How to deal with an adult step-son ruining a marriage?

How to deal with an adult step-son ruining a marriage?

Begin creating plans and follow through. It may be challenging at first (both monetarily and emotionally), but you will triumph in the end. You can't go on living like this. You must take control of your life. Don't wait for someone to come to your aid—-DO IT YOURSELF. I apologize once more for what has happened to you. I am very sorry that these things have happened to you.

He's acting like he's not responsible for his actions - perhaps because he was abused as a child himself? It's important to remember that relationships are based on trust. If one partner violates that trust, then the other party has every right to feel violated too. Even if your husband didn't physically hurt you, if he used his position of power over you to make you feel bad about yourself or to abuse you mentally or emotionally, that is assault. You should file charges against him even if you don't want to divorce him. There are ways of dealing with an abuser without ending up in court, but you need to get help from someone who knows how to handle these situations.

The best thing you can do for yourself and your family is to get out now. Try not to think about all that money you're going to lose - just focus on getting a good job that pays well. Use some of that savings to start building your own house back up again. That way when your husband does return you'll still have a safe place to live.

How do you deal with being left by your husband?

Divorces and professionals provide their best advise on managing when you're caught off guard by divorce.

  1. Find a more fulfilling life.
  2. Embrace your anger.
  3. Keep your head up.
  4. Stay tethered to yourself.
  5. Get used to people saying, “You’ll be OK.”
  6. Focus on reality.
  7. Don’t resort to begging.

How to cope with a difficult husband who treats you badly?

I have nowhere to go, no one to help me, and no money. So I'm stuck in this marriage, and it's starting to bother me. My spouse has broken my heart, which I had patched up for him, expecting he would be the one to mend it for me. I'm in a lot of pain and try not to show it. But there are times when I can't hide my feelings.

He has treated me poorly since we got married. Sometimes I think if I did something wrong, he would treat me better. But that never happens. He always has an excuse not to love me anymore. It's like he wants to prove that he doesn't need me or someone else will take care of him. I feel like I'm walking on eggshells around him because anything I say might upset him. I just want our marriage to work but I don't know how much longer I can take his mistreatment.

—Shelly

Dear Shelly, you are not alone. Many women face this problem at some point in their marriages. The key is knowing how to deal with it.

First, remember that husbands can't change the way they act or feel about you. They are only human after all. So although they may get angry with you or treat you badly sometimes, this does not mean that they truly hate you. They probably just felt like being unreasonable today.

Second, avoid taking your spouse's bad behavior personally.

What to do when your spouse has a hard time forgiving you?

If you've acknowledged your flaws to your spouse and he or she is still refusing to forgive you, there are several things you may do to assist. First and foremost, you may acknowledge that forgiveness is a journey. It ebbs and flows; it starts, pauses, and restarts; it improves and deteriorates. Rather than trying to make your spouse hurry up and get over it, help him or her understand that healing takes time.

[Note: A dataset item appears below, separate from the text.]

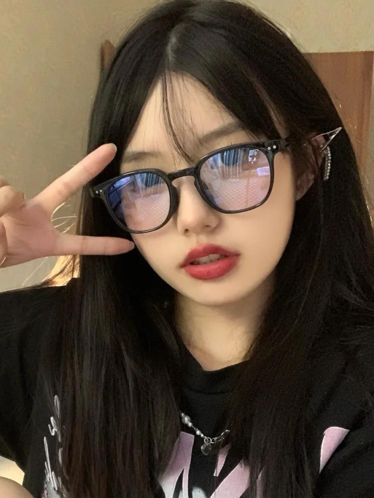 Gafas de miopía con montura negra pequeña GM vintage para mujer, con protección contra el viento, la luz azul y la radiación, con efecto de maquillaje y montura que cambia de color.
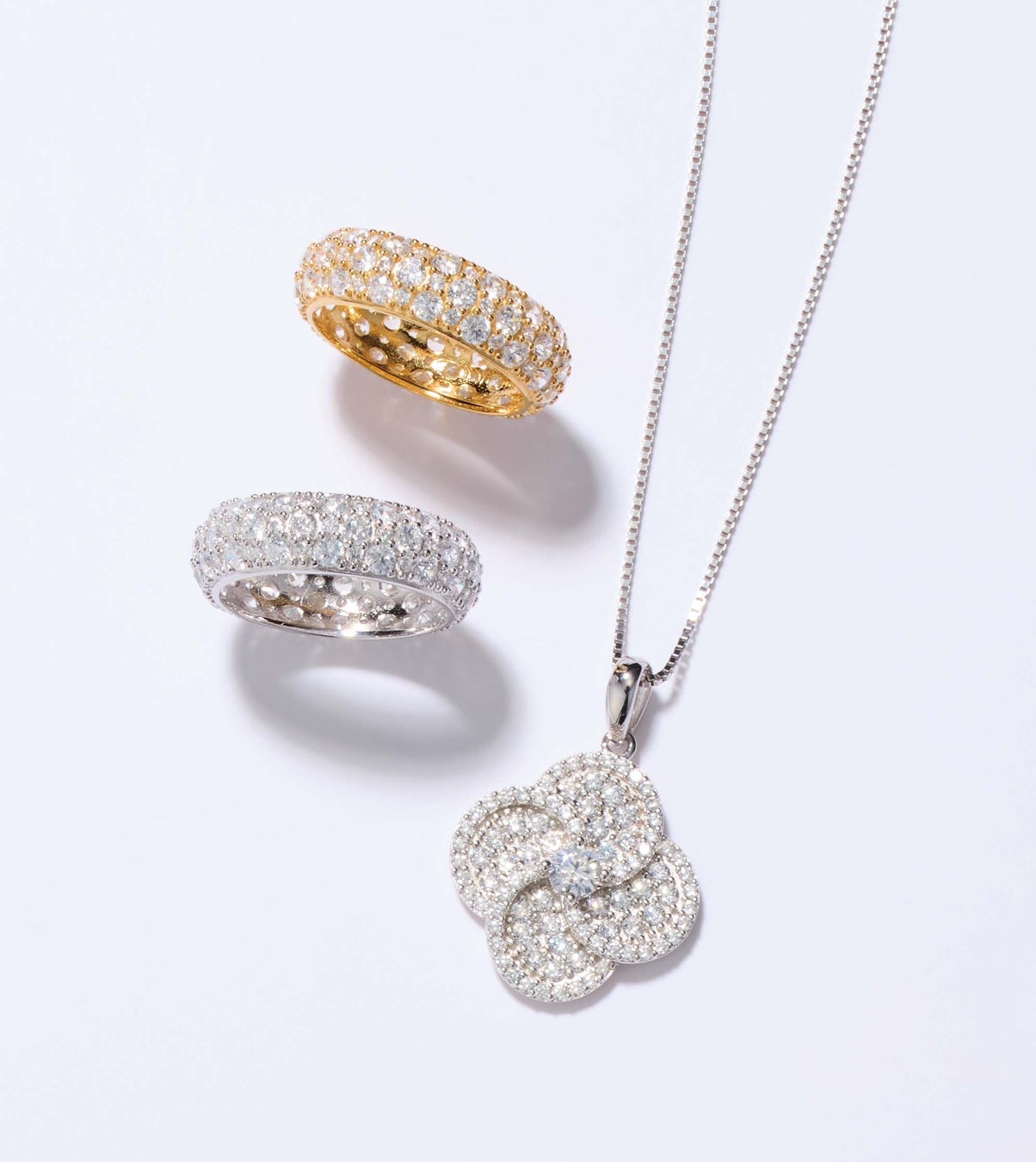存在感のあるリングや四つ葉のクローバーのペンダントトップなど、キュービックジルコニア(CZ)の輝きが冴えるジュエリーをご紹介します。

You should also be willing to make changes in your behavior in order to earn your spouse's forgiveness. For example, if your husband or wife never wants to see you again, then you need to find another partner who will love you no matter what you do. Changing your behavior in this way will allow your spouse to feel like he or she can trust you again. Of course, this isn't always easy; sometimes we want our spouses to hate us so we don't have to deal with their anger. But until they learn to forgive, they aren't able to put their feelings aside enough to truly love you back.

Last, try to remember that forgiveness is not about you. It's about your spouse being free from guilt and shame because of his or her actions. If you truly want to be forgiven, you have to ask for it. Don't expect your spouse to know you well enough to guess that you need forgiveness!

The most important thing is that you be honest and open with your spouse.

About Article Author

Jonathan Hayward

Jonathan Hayward has been writing about psychology, self-help, and happiness for over 5 years. He loves to discuss the mind-body connection, the power of meditation, and the importance of maintaining a positive mindset in order to be successful! Jonathan enjoys working with clients one-on-one to help them achieve their goals in life!